THERE is an extraordinary sense of entitlement about Liverpool Football Club.
The champions of England seem to want to choose their own kick-off times, their own match officials and, by colluding with their chums at Manchester United, they even wanted to change the way the Premier League is run through the doomed 'Project Big Picture'.
This is a club used to having everything their own way.
Jurgen Klopp rarely takes it graciously when Liverpool don’t win — it’s just that for the best part of two years the Reds won so consistently we rarely got to see it.
The Liverpool boss is not used to having his opinions vigorously challenged either.
That is what made the Reds manager’s post-match interview – or argument – with BT Sport’s Des Kelly such a compelling exchange.
Klopp was ready to blow over the issue of Saturday lunchtime kick-offs, so when Kelly asked him about James Milner’s hamstring injury, the Anfield chief blamed BT.
'Dishy Des', a long-time former senior newspaper journalist, has better instincts than many TV interviewers.
Not that it can be easy to take on a major club boss, one on one, in front of the cameras.
But Kelly stood his ground and told Klopp he should ask Anfield directors to argue their corner in Premier League meetings rather than blame the broadcaster.
BT pay £9.2million for the rights to each televised match and Premier League clubs bent over backwards to get last season back on, at the height of the pandemic, so that they get their hands on TV cash.
It is therefore unrealistic to expect broadcasters to ignore the best-supported clubs, Liverpool and United, for such a prime slot.
And when a club is asked to play Champions League fixtures on a Wednesday, then again the following Tuesday, what is the ideal kick-off time for the weekend fixture in between?
Ajax, who visit Anfield tomorrow night, kicked off at tea-time on Saturday, finishing at 7.30pm — would that be any better for Klopp?
This is a unique period for fixture congestion but this is what the clubs, and football authorities, wanted — to restart last season, then rush into this campaign without any reduction in fixtures.
That isn’t the fault of any broadcaster.

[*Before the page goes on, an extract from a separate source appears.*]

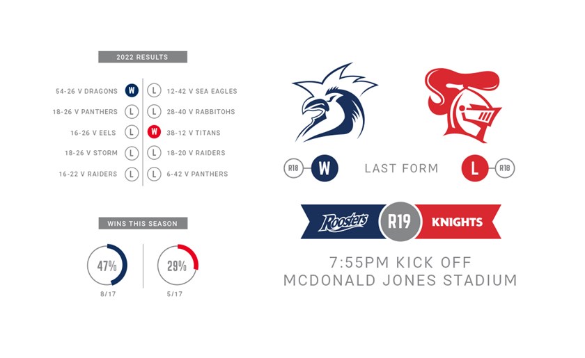 The Sydney Roosters continue their northward trajectory when they head up the M1 to face the Newcastle Knights in a Friday night showdown.
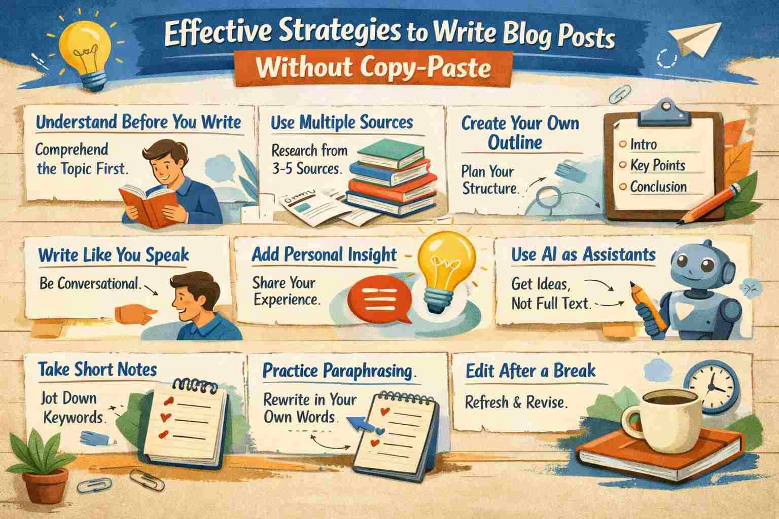 কপি-মুক্ত ব্লগিং আমি যেভাবে অভ্যাসে পরিণত করেছি: আমি বুঝেছি, কপি-পেস্ট ছাড়াই লেখা কোনো একদিনের সিদ্ধান্ত না, এটা একটা অভ্যাস। তাই আমি নিজের জন্য একটি নির্দিষ্ট রুটিন তৈরি করেছি। আমি নিয়ম করে নোট নেই, নিজের শেখা বিষয় লিখে রাখি এবং প্রতিটি পোস্টে অন্তত একটি ব্যক্তিগত অভিজ্ঞতা যোগ করার চেষ্টা করি। এতে করে কনটেন্ট স্বাভাবিকভাবেই ইউনিক হয় এবং অন্যের লেখা দেখে লেখার প্রয়োজন পড়ে না।

Indeed, Klopp is paid so handsomely, almost £15million per year, because of TV money.
Sure, Klopp is suffering from a severe injury crisis and, sure, his team had the rough end of the stick with VAR decisions — two goals (correctly) disallowed for narrow offsides and then Brighton’s injury-time penalty equaliser, which would surely not have been awarded by a referee operating with only his naked eye.
Along with fellow Champions League clubs, Klopp is arguing hard for five subs in the Premier League — and they may force a U-turn on an issue that clearly benefits those with deeper squads.
And Liverpool did get their way when David Coote was mysteriously replaced as the VAR official for last weekend’s match with Leicester after he had angered the Reds in the same role for the Merseyside derby in October.
The Premier League claim the switch was for 'operational reasons'.
Klopp may genuinely feel that the world is out to get him, or he may be attempting to develop a siege mentality.
Either way, Liverpool remain in the thick of the title race despite all their misfortunes.
And today Klopp is due to meet Kelly again for a preview of the Ajax match, also broadcast by BT. It could be lively.